Source records:
....

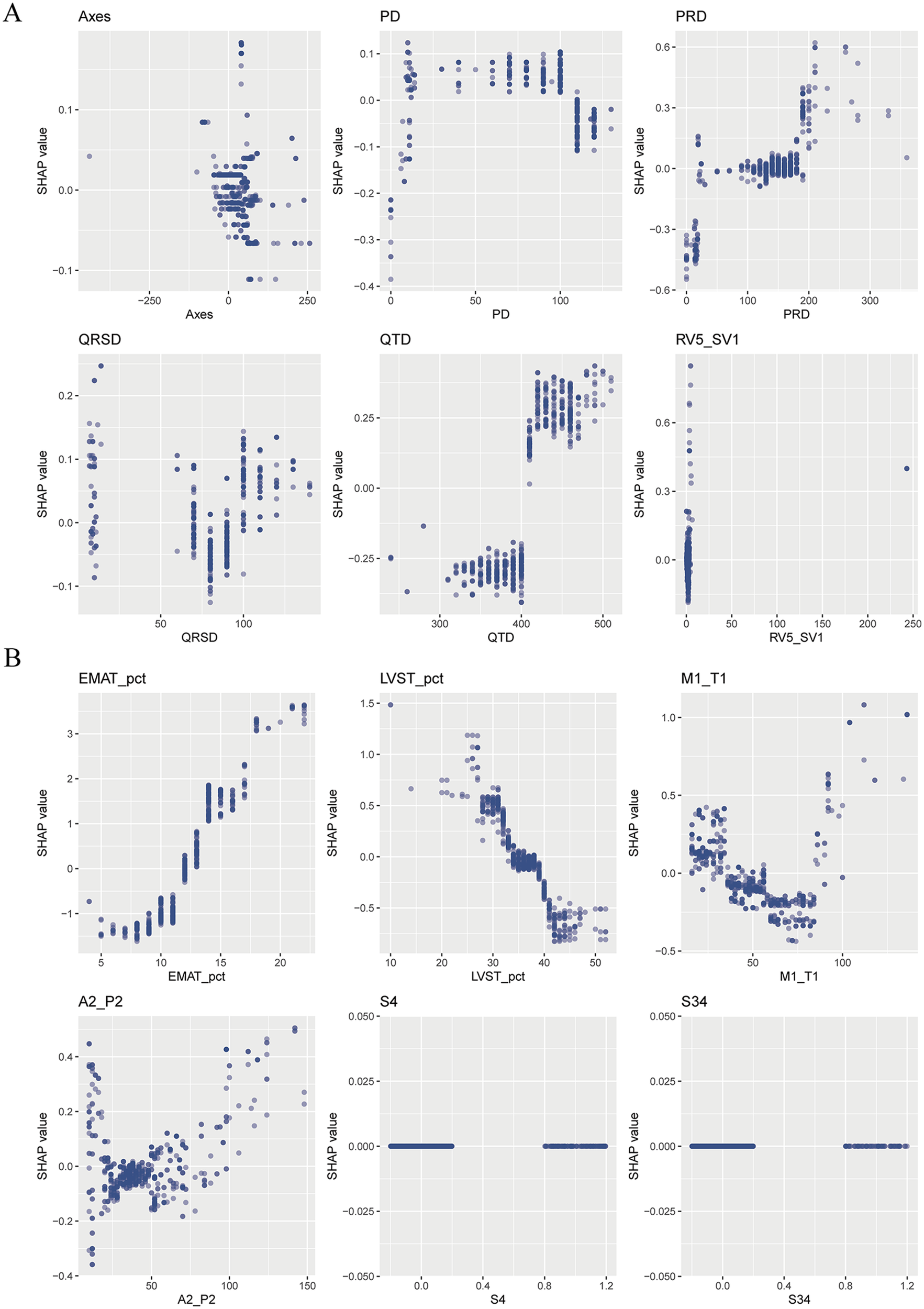 The SHAP dependence plot of the catBoost model. (A) ECG parameters; (B) PCG parameters.
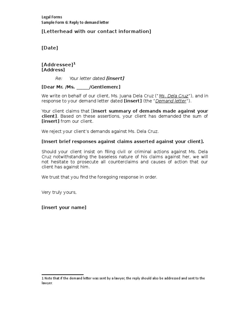 Sample response to demand letter.
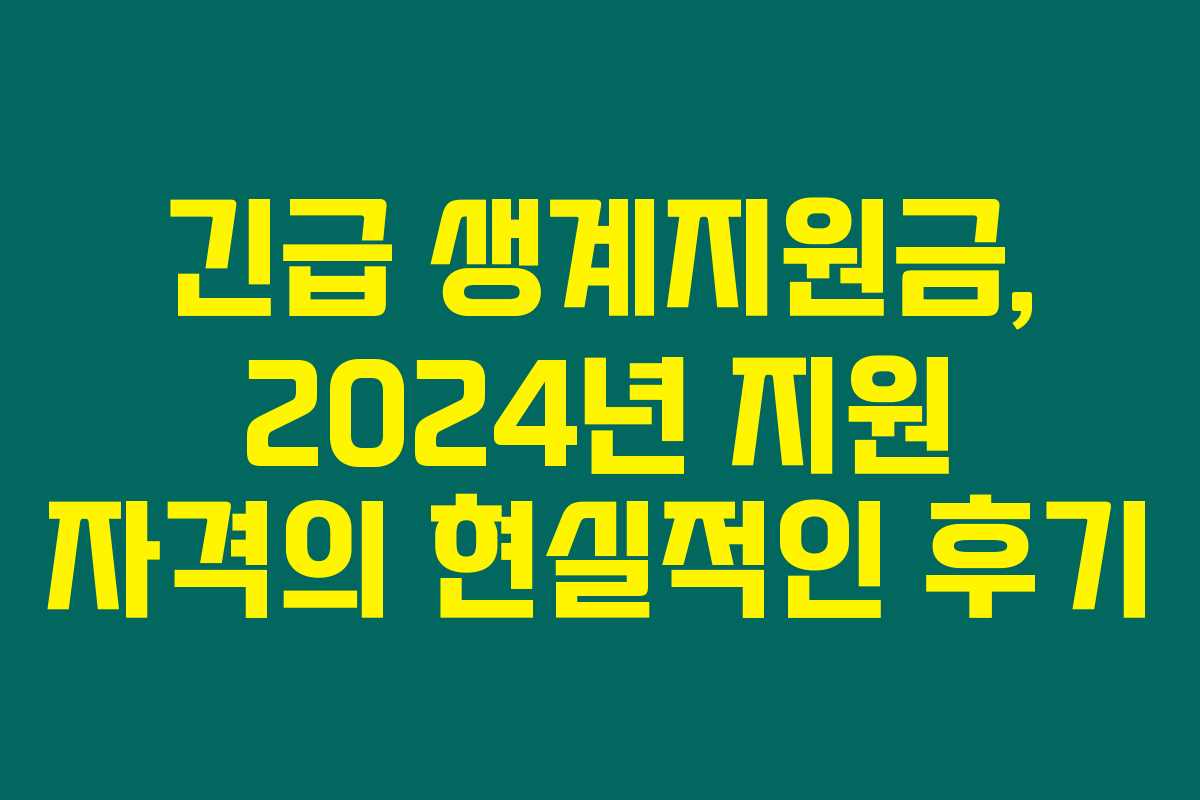 제가 알아본 바로는 긴급 생계지원금은 갑자기 생계가 어려워진 국민을 위한 중요한 지원 프로그램이에요. 하지만 2024년에는 지원 자격이 생각보다 까다롭다는 점을 꼭 알고 계셔야 할 것 같아요. 아래를 읽어보시면 실제 신청 후기를 통해 지원금에 대한 정보와 함께, 자격 요건에 대한 심도 깊은 이야기를 확인할 수 있습니다.
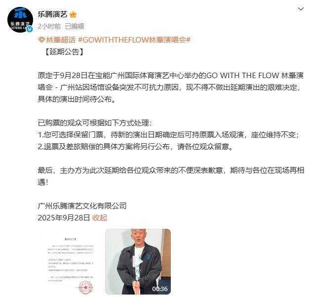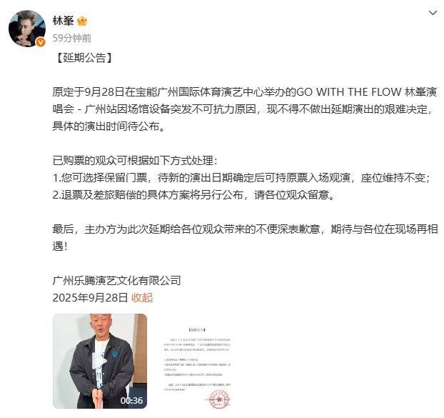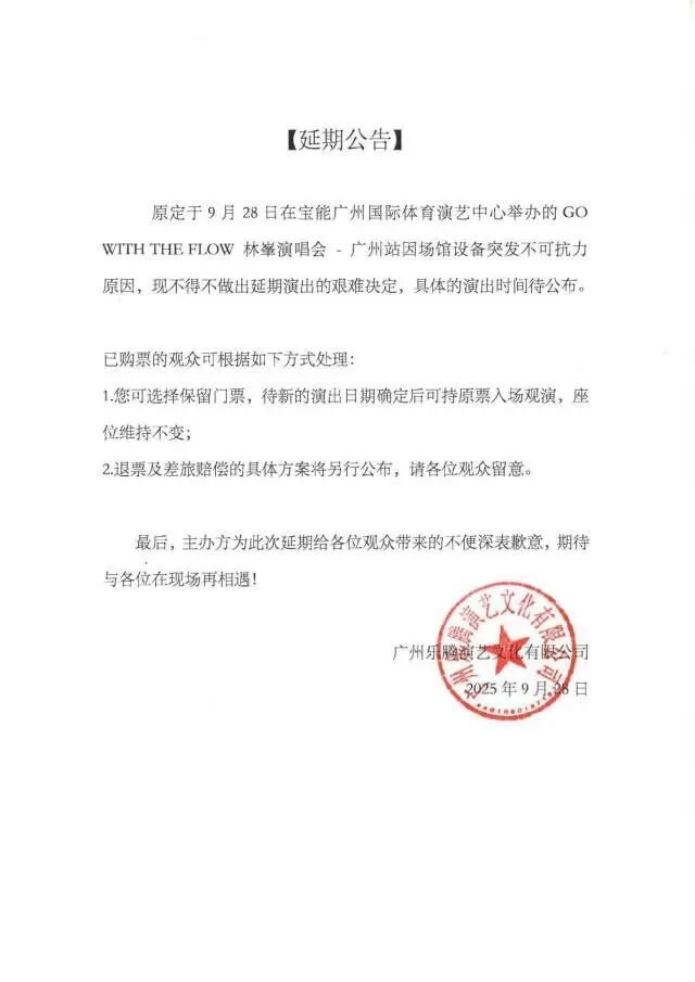 9月28日17时24分开yun体育网,广州乐腾演艺文化有限公司发布公告:原定于9月28日在宝能广州国外体育演艺中心举办的“GO WITH THE FLOW 林峯演唱会—广州站”因场馆诞生突发弗成抗力原因,现不得不作念出展期上演的深奥决定,具体的上演时分待公布。
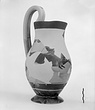 | Description: | Put together from many pieces; the profile can be restored complete except for the edge of the lip. Oinochoe type I: echinus foot; broad ovoid body forming a continuous curve with the wide neck; trefoil mouth; double rolled handle. Large reserved and figured panel at one side; on the other side, near the handle, two reserved triangles. Panel bordered above by a band of lotus and palmette, double and alternating, above a row of incised rosettes: both patterns with alternating red and black petals; white dots between the tips of the rosette petals. In the panel, horse and rider galloping right. The rider wears a jerkin with short sleeves and a waist-length overdress(?) the hem of which floats out over the horse's back. The garments are purple, their broad hems black, ornamented with incision and with rows of white dots along the edges. Purple also for the horse's belly and hooves. Fine fabric; excellent glaze. The neck glazed inside; the handle reserved and decorated with stripes of brown. Very careful incision. | |
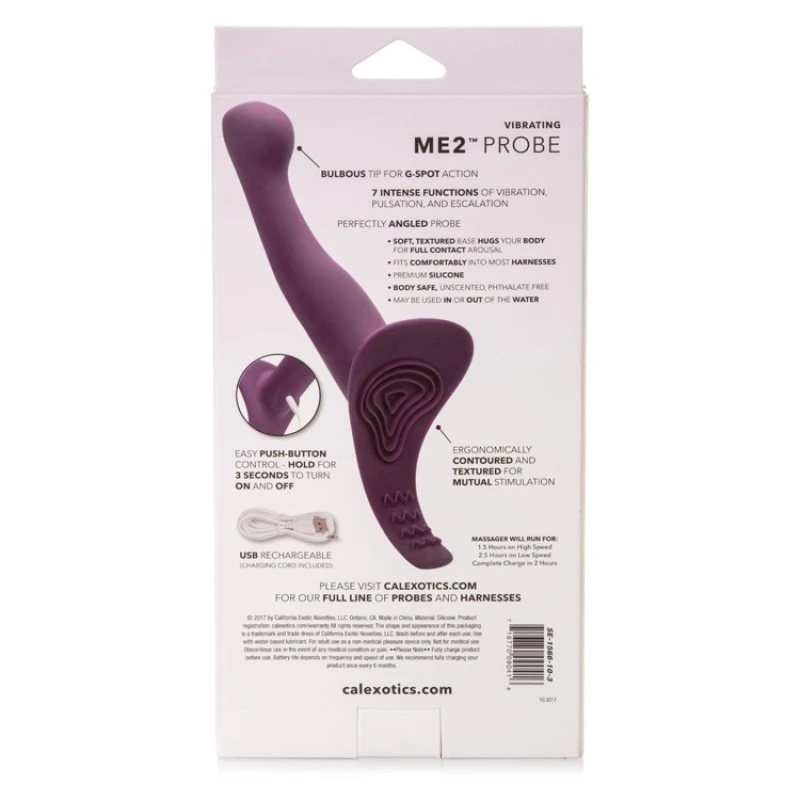 La sonde vibrante ME2 ™ est la sonde aux contours uniques dont vous rêvez. Conçus pour une satisfaction mutuelle assurée, l’embout de masseur en forme de bulbe, la tige incurvée, les 7 fonctions de vibration et la base en font le paradis du plaisir pour deux. Sentez la chaleur monter, la base texturée et profilée de ce masseur vibrant épouse vos points de plaisir intimes. La tige incurvée et la pointe bulbeuse lui offrent une stimulation intense du point g. La forme polyvalente et la base profilée du vibrateur vous permettent de glisser cette sonde dans votre harnais préféré pour avoir les mains libres. Utilisez le bouton de commande tactile pour faire défiler 7 fonctions de vibration, escalade et pulsation. Rechargez le masseur vibrant en silicone de qualité supérieure en 2 heures avec le câble de chargement USB fourni pour profiter d’une heure et demie de stimulation à grande vitesse ou de 2 heures de vibrations à basse vitesse. Le vibrateur est imperméable. Le silicone hypoallergénique de qualité supérieure est sans danger pour le corps, sans parfum et sans phtalate pour vous garder heureux et en bonne santé.
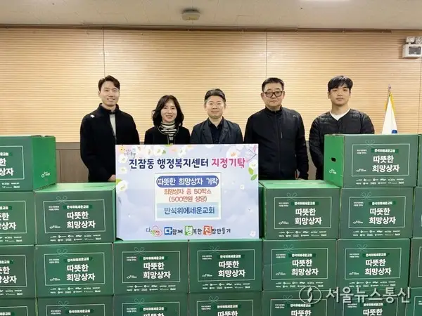 【대전·충남 = 서울뉴스통신】 조윤찬 기자 = 대전 유성구는 8일 진잠동 반석위에세운교회가 총 500만원 상당의 ‘따뜻한 희망상자’ 50상자를 기탁했다고 밝혔다.
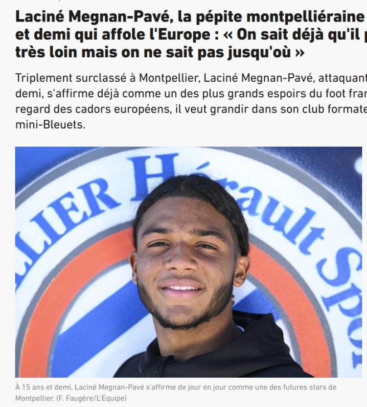 该媒体指出,在蒙彼利埃衔接跳班三个年龄段的15岁半前卫默格南,已俨然成为法国足球最瑰丽的但愿之星。在欧洲豪强的密切宥恕下,他渴慕在培养他的俱乐部与法国后生队中稳步成长。
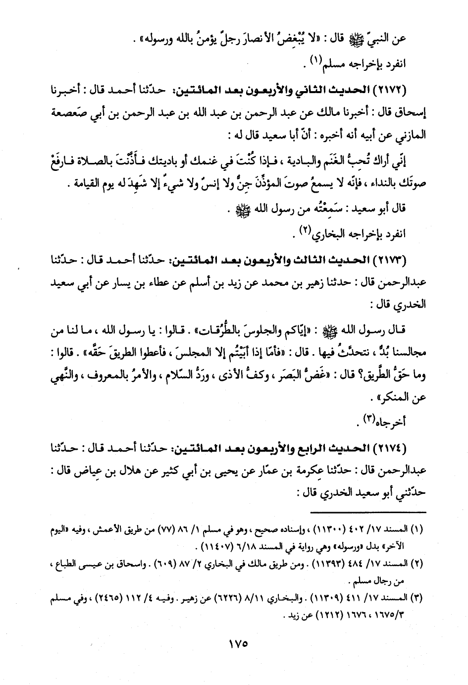 (٢١٧٢) الحديث الثاني والأربعون بعد المائتين: حدّثنا أحمد قال: أخبرنا إسحاق قال: أخبرنا مالك عن عبد الرحمن بن عبد اللَّه بن عبد الرحمن بن أبي صَعصعة المازني عن أبيه أنّه أخبره: أنّ أبا سعيد قال له:
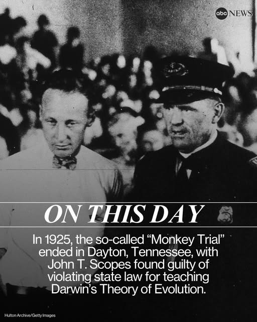 ON THIS DAY: One hundred years ago, the so-called “Monkey Trial” ended in Dayton, Tennessee, with John T. Scopes found guilty of violating state law for teaching Darwin’s Theory of Evolution.
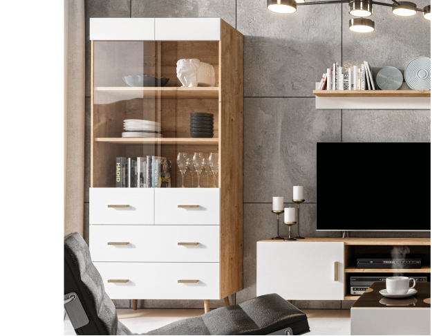 - Vitrininė spinta su trimis stalčiais, dvi lentynos už stiklo. Galimybė įsigyti LED apšvietimą.
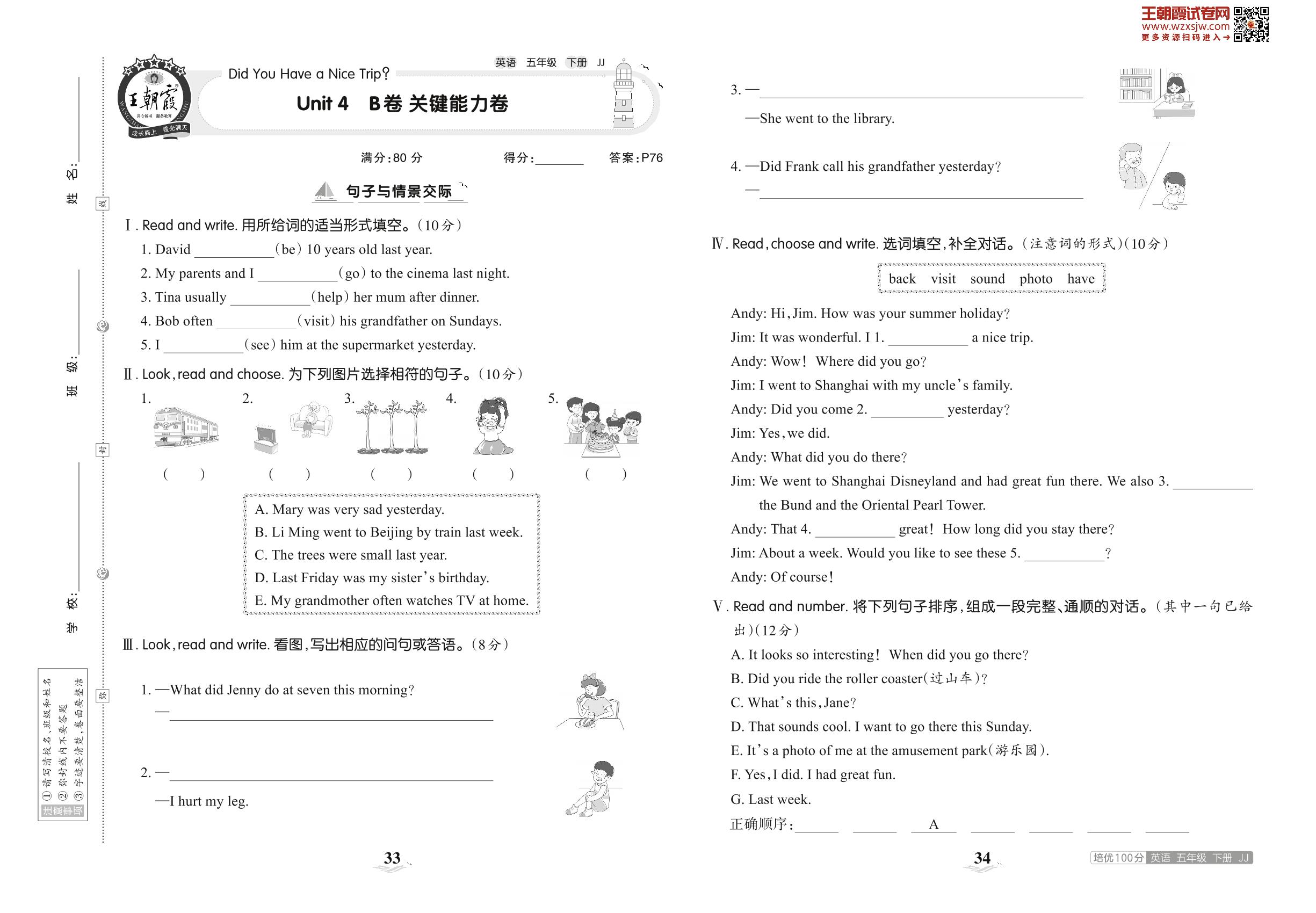 2023下册五年级英语冀教版 Unit 4 B卷 关键能力卷
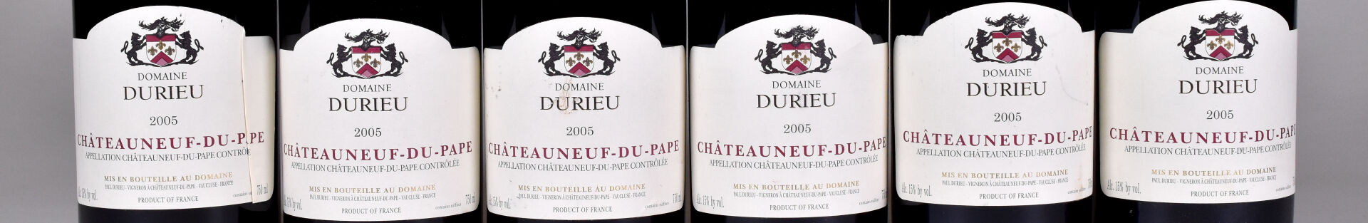 6 bouteilles, Châteauneuf-du-Pape, Domaine Durieu, 2005. Deux étiquettes avec de légères traces. Une étiquette avec un pli.
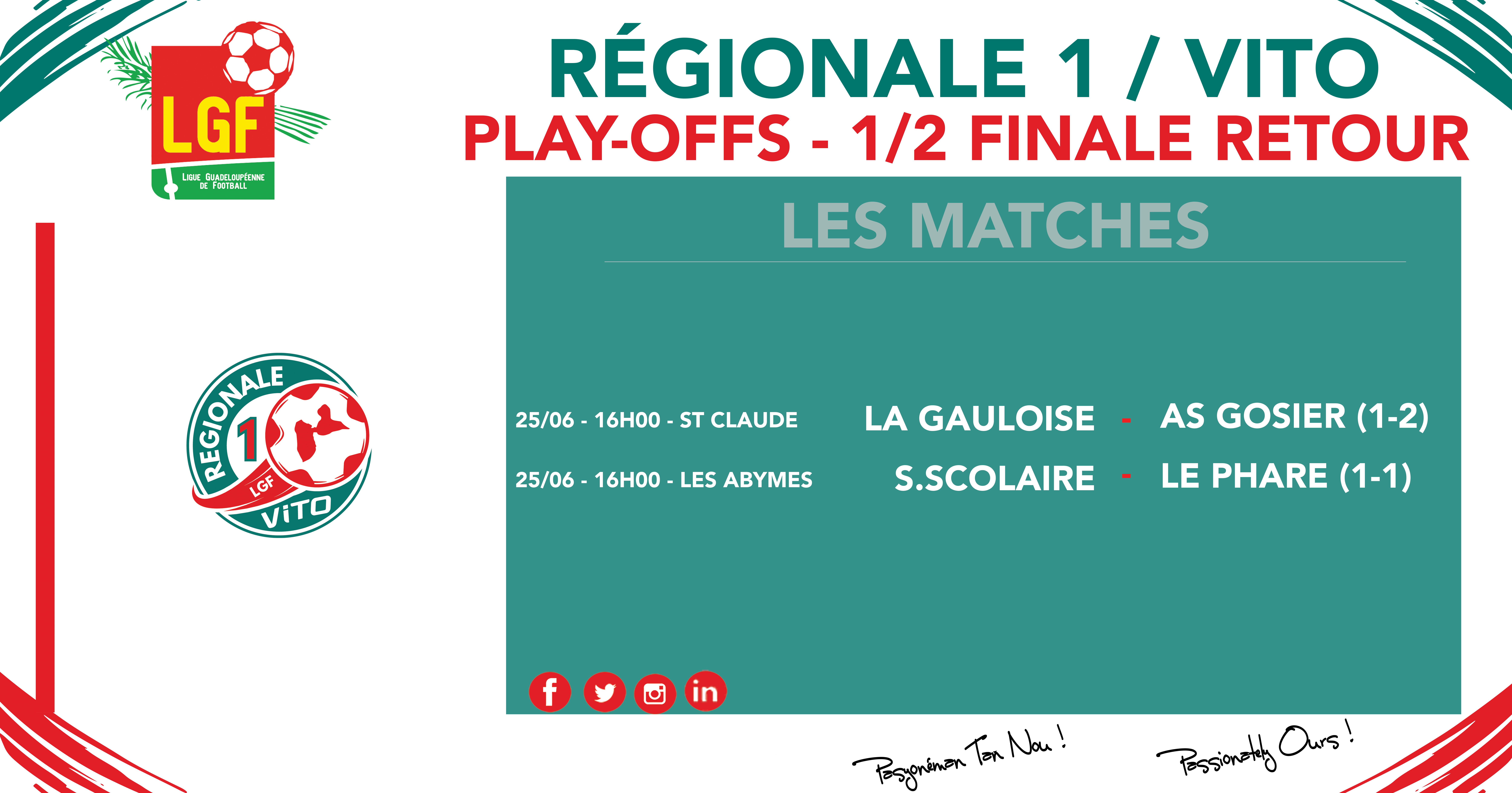 PLAY-OFFS : L’AS Gosier a pris une petite option avant le match retour en dominant samedi après-midi à Sainte-Anne La Gauloise (2-1). Dans l’autre match, Le Phare, qui menait 1-0 grâce à Livyo Damas-Agis en 1ere mi-temps, a vu la Solidarité Scolaire revenir au score par Thomas Gaydu (1-1). Tout reste ouvert avant les matches retour le 25 juin !

....

*EXERCISE OBJECTIVE:* In the answer, give only the lines from the top of the data above through the line with "제가 알아본 바로는 긴급", reproduced exactly; no picture may appear.

*EXPECTED ANSWER:*
 The SHAP dependence plot of the catBoost model. (A) ECG parameters; (B) PCG parameters.
 Sample response to demand letter.
 제가 알아본 바로는 긴급 생계지원금은 갑자기 생계가 어려워진 국민을 위한 중요한 지원 프로그램이에요. 하지만 2024년에는 지원 자격이 생각보다 까다롭다는 점을 꼭 알고 계셔야 할 것 같아요. 아래를 읽어보시면 실제 신청 후기를 통해 지원금에 대한 정보와 함께, 자격 요건에 대한 심도 깊은 이야기를 확인할 수 있습니다.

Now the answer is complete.